C’était une idée brillante, parce que cela nous donnait une large palette de thèmes... Un émigrant d’Europe de l’Est, d’où vient toute l’immigration moderne, et aussi un criminel, comme ces types qui arrivent en Amérique comme des criminels. Cela donnait quelque chose de très réaliste mais aussi de nouveau et en même temps d’une qualité classique. Un niveau classique Americana et un autre niveau très contemporain qui n’a pas été fait et refait dans cinquante films, cinquante livres ou cinquante jeux. Alors c’est vite devenu un concept et quand nous pensions à lui comme un criminel ou comme un dur à cuire qui se fout de tout peut-être, nous pensions aussi à ce qui le rendait comme cela. Eh bien une guerre peut rendre quelqu’un comme cela, je suppose, ainsi que les années d’échecs à essayer de retourner à une vie normale après la guerre.

Nous ne voulions pas donner trop de détails sur ce passé, on voulait surtout évoquer les coups qu’il a reçu... Nous n’essayons pas de porter un jugement moral sur ce dans quoi il était impliqué, juste ce qui arrive à ces gens. Ce n’est pas important de savoir si ce qu’il a fait était bien ou mal parce qu’il était trop jeune pour connaître la différence. Ici, il est âgé d’une petite trentaine d’années, déboussolé par cette expérience dix ans auparavant.

C’est une comédie mais c’est aussi comme un documentaire. Vous vous considérez comme un témoin de votre temps ?
Nous n’avons pas la prétention de figurer parmi des auteurs qui ont façonné notre manière de voir leur époque. Notre vision d’Hollywood dans les années 30 ou 40, c’est Raymond Chandler. Pareil pour l’Angleterre du XIXe avec Dickens ou pour la France de Zola. Mais des jeux comme GTA3, Vice City et surtout GTA IV... nous sommes conscients que cela fera émerger une nouvelle forme artistique, une expérience narrative en rapport avec l’époque, comme un livre.

Cette fois, nous voulions avoir quelque chose de super contemporain qui capturerait New York. Cela signifiait capturer l’esprit de la ville, et bien sûr son allure. Peut-être que les gens ne sont pas encore convaincus que le jeu vidéo est capable de ce genre de choses. Non pas que nous essayions de faire quelque chose de très sérieux mais nous avons tenté de saisir les sensations d’un endroit, les sentiments post-11 septembre, post-obsession de l’argent, de la propriété. Ces impressions du monde moderne, ce jeu peut vraiment les transmettre parce que vous êtes bombardés de manière non littérale et non linéaire. Vous voyez et entendez des tas de choses pendant que vous jouez et, si on a fait du bon boulot, tous ces thèmes et le ton général se répercutent sur vous.

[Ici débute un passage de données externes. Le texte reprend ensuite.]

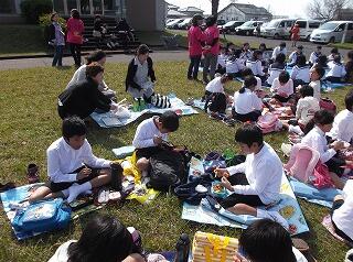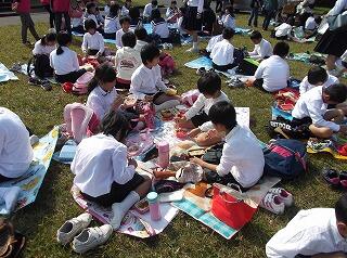 今年は、出発前に6年生の代表の「がんばるぞ」のかけ声に合わせて、全員で気合いを入れました。そして、最後に、児童全員で一本締めをして、お互いの頑張りを讃え合いました

Les jeux vidéo peuvent-ils, selon vous, avoir cette valeur documentaire ? Comme si on pouvait vivre les difficultés et les impasses auxquelles cet immigrant d’un pays d’Europe de l’Est est confronté quand il débarque en Amérique.
Ou comme moi. J’ai été un immigrant aux Etats-Unis mais pas dans une situation de pauvreté puisque j’arrivais avec un boulot. Nous avons voulu garder tout cela à une échelle naturaliste et mythique. Parce que sinon, cela aurait donné quelque chose du genre : « Où sont vos papiers ? », « Vous avez commis un crime vous allez être expulsés ». Mais je sentais que nous pouvions obtenir une ambiance, un sentiment que ces gens peuvent vivre quand leur choix se résume à conduire un taxi ou devenir voleur. Cela n’a rien à voir avec ce que vous vivez vous. Je ne voulais que ce soit photo réaliste, mais quelque chose de plus naturel, qui permette de mieux comprendre d’où ces gens viennent.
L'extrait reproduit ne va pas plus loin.